The problem is that a warning message is displayed:
Could not remove <file path> from HDFS. Not ingesting this file...
So I have the doubt that the uncompressed file is still somewhere in the HDFS, but I don't know where.
What does it mean the warning message?
Created 02-01-2021 06:27 AM
9 out of 10 times this message is caused because you run the GetHDFS on multiple nodes.
Both nodes see it, perhaps even try to pick it up, but clearly not both of these can delete it.
In old versions of NiFi you can fix this by setting the GetHDFS to run only on the primary node.
However, that will ofcourse burden the primary node more than it should.
So in recent versions (and likely yours) you will find the ListHDFS and FetchHDFS processors (and similar sets for different data sources). The lightweight List processor can then run on the primary node, and loadbalance to all nodes which will then Fetch.
Created 02-01-2021 06:27 AM
9 out of 10 times this message is caused because you run the GetHDFS on multiple nodes.

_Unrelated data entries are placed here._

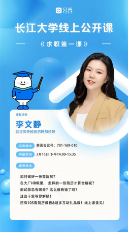 (通讯员 余珺瑞)2022年3月15日14:00,武汉贝壳找房科技有限公司校园招聘经理李文静受邀在腾讯会议为太阳集团tyc9728员工开展就业指导讲座,公司2018级近四百名员工参加。
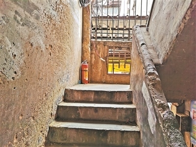 樓梯狹窄,部分墻面呈土黃色且坑坑洼洼。
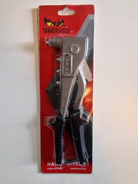 En ny Tengtools HR-01 handnitare. Denna nitare använder nitar i storlekarna 2.4mm, 3.2mm, 4.0mm och 4.8mm.
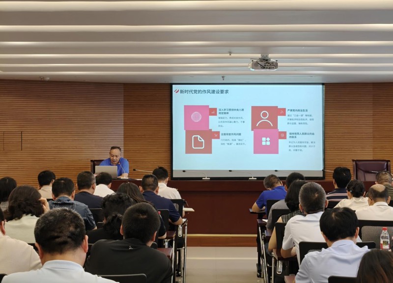 为推动深入贯彻中央八项规定精神学习教育走深走实,进一步强化党员干部纪律意识、筑牢作风根基,6月27日,在庆祝中国共产党成立104周年之际,重庆设计集团所属子球友会qiuyouhui(中国)重庆市建科院党委书记、董事长谭晓江同志以《锲而不舍落实中央八项规定精神 持之以恒推进作风建设纵深发展》为题讲授专题党课。公司在家党委班子成员、中层管理人员、党支部书记、纪委委员等共计80余人参加。![]()
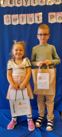 Z radością spieszymy z informację, iż Wanda z gr . "Smoki" zajęła 2 miejsce w Konkursie Recytatorskim "Magiczny świat poezji", który odbył się w Przedszkolu nr 22 w Rybniku. W tym samym konkursie, tyle, że w kategoriii dzieci starszych Kostek z gr. "Tygryski" zajął 3 miejsce! Gratulujemy !
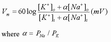This equation transforms into the Nernst Equilibrium potential if there is a lack of presence of either ion within this equation. The permeability portion (α) is important in determining voltage since a membrane can be one-hundred times more permeable to K+ than Na+ or vice versa, meaning that much more of that given ion would travel across the membrane, making it an uneven diffusion of the ions even if the concentrations of these ions are the same2.
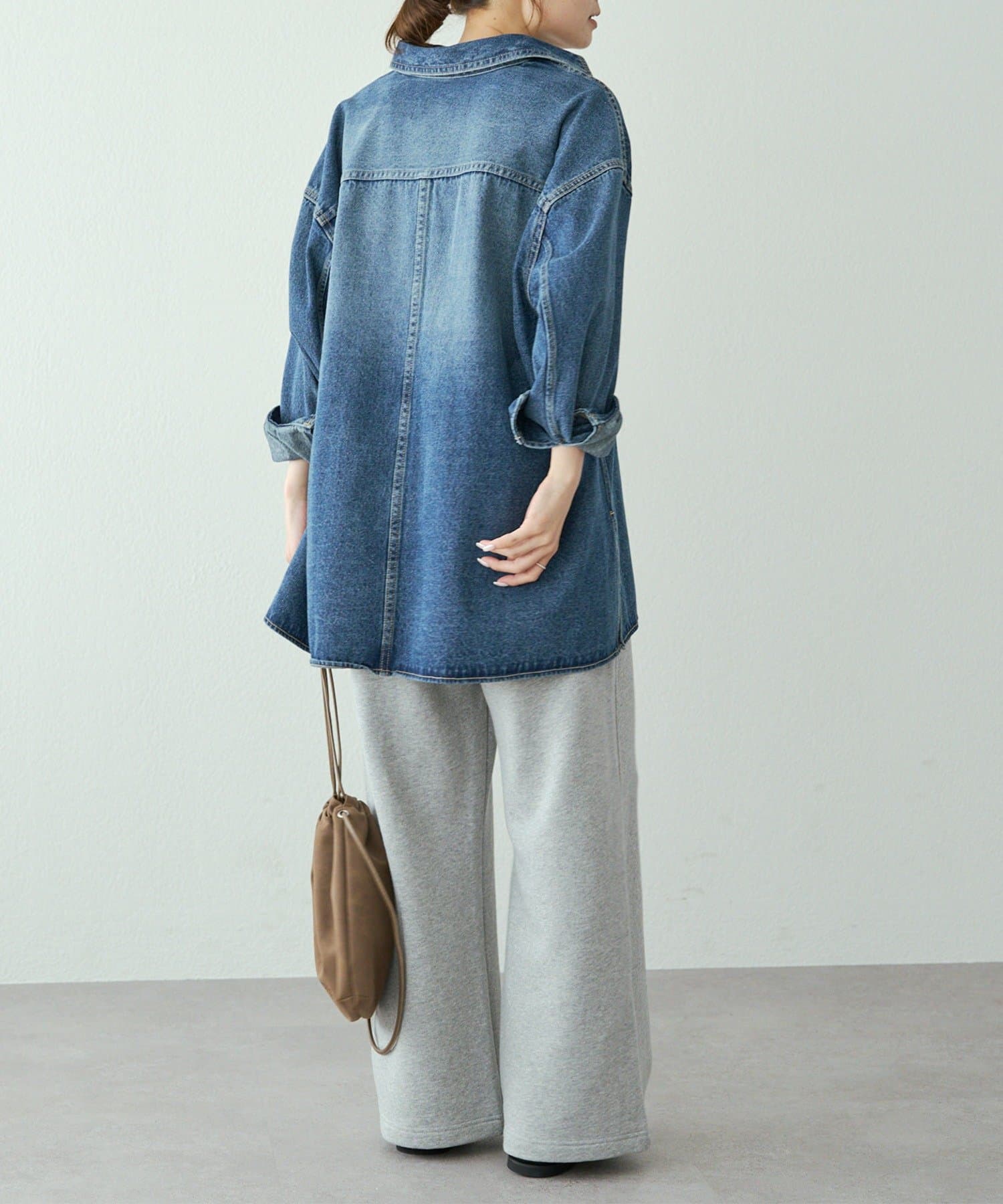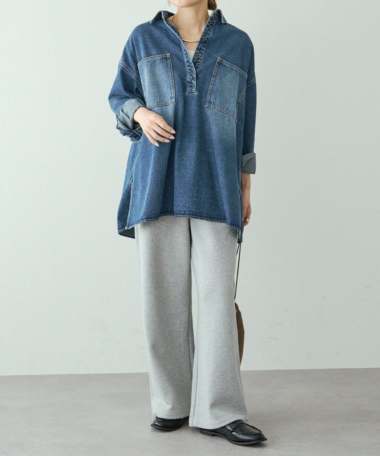 デニムシャツやボーダーカットソーなどのトップスでカジュアルな装いから、
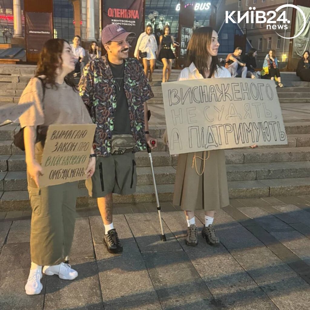 У столиці учасники акції вимагають ухвалити закон про військового омбудсмана, не ухвалювати законопроєкт № 13452, який посилює кримінальну відповідальність для військових, а також скасувати норми закону № 8271 від 2022 року про покарання захисників.
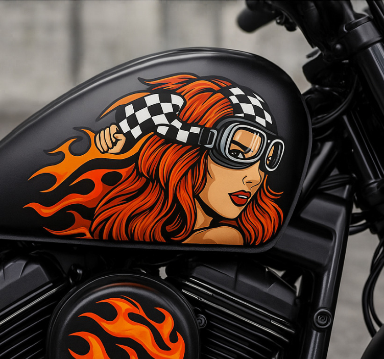 Reference: A54181The Motorcycle sticker vintage goggle maiden showcases a stunning design that captivates the spirit of adventure! With its retro aesthetic and vibrant colors, this sticker features a unique goggle maiden graphic that embodies a sense of freedom and nostalgia. Perfect for motorcycle enthusiasts and those who appreciate vintage art, this sticker brings personality to any space it adorns.
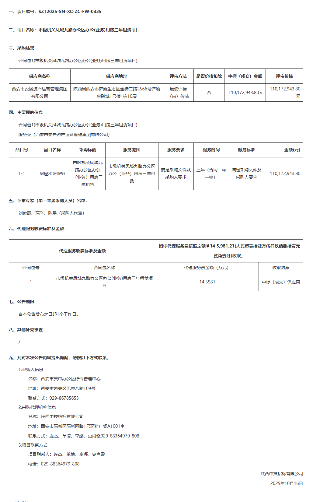 西安市集中办公区综合管理中心市级机关凤城九路办公区办公(业务)用房三年租赁项目中标(成交)结果公告
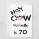 Personalised Humourous Holy Cow 70th Birthday Party Invitation in Black and White for Men and Women.
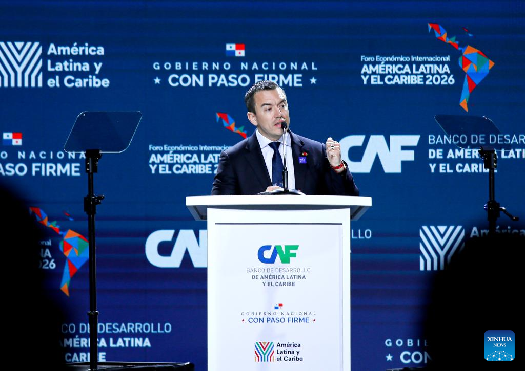 CIUDAD DE PANAMA, 28 enero, 2026 (Xinhua) -- El presidente ecuatoriano, Daniel Noboa, pronuncia un discurso durante el Foro Económico Internacional América Latina y el Caribe 2026 del Banco de Desarrollo de América Latina y el Caribe (CAF), en la Ciudad de Panamá, capital de Panamá, el 28 de enero de 2026. El Foro Económico Internacional América Latina y el Caribe 2026 del CAF se desarrolla en Panamá y cuenta con la participación de mandatarios y delegaciones de distintos países de América Latina y el Caribe, en un contexto marcado por la búsqueda de nuevas estrategias de cooperación e inserción regional en la economía global. (Xinhua/Daniel González)
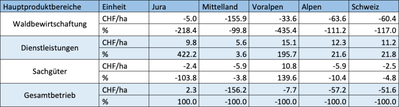 Bei den Hauptproduktbereichen zeigt sich ein ähnliches Bild. Gesamtschweizerisch ist einzig das Ergebnis der Dienstleistungen positiv (11 CHF/ha). Hauptverantwortlich dafür sind die Dienstleistungen für Dritte (z.B. Gartenholzernte). Mit der Sachgüterproduktion erzielen einzig die Voralpenbetriebe positive Ergebnisse. Sowohl im Schweizer Durchschnitt als auch auf Ebene der restlichen Forstzonen gelingt es den Betrieben nicht, Gewinne mit der Sachgüterproduktion zu erwirtschaften. Hauptgrund dafür ist die nicht rentable Energie-Stückholzproduktion (Tab. 3).

Both nodes see it, perhaps even try to pick it up, but clearly not both of these can delete it.
In old versions of NiFi you can fix this by setting the GetHDFS to run only on the primary node.
However, that will ofcourse burden the primary node more than it should.
So in recent versions (and likely yours) you will find the ListHDFS and FetchHDFS processors (and similar sets for different data sources). The lightweight List processor can then run on the primary node, and loadbalance to all nodes which will then Fetch.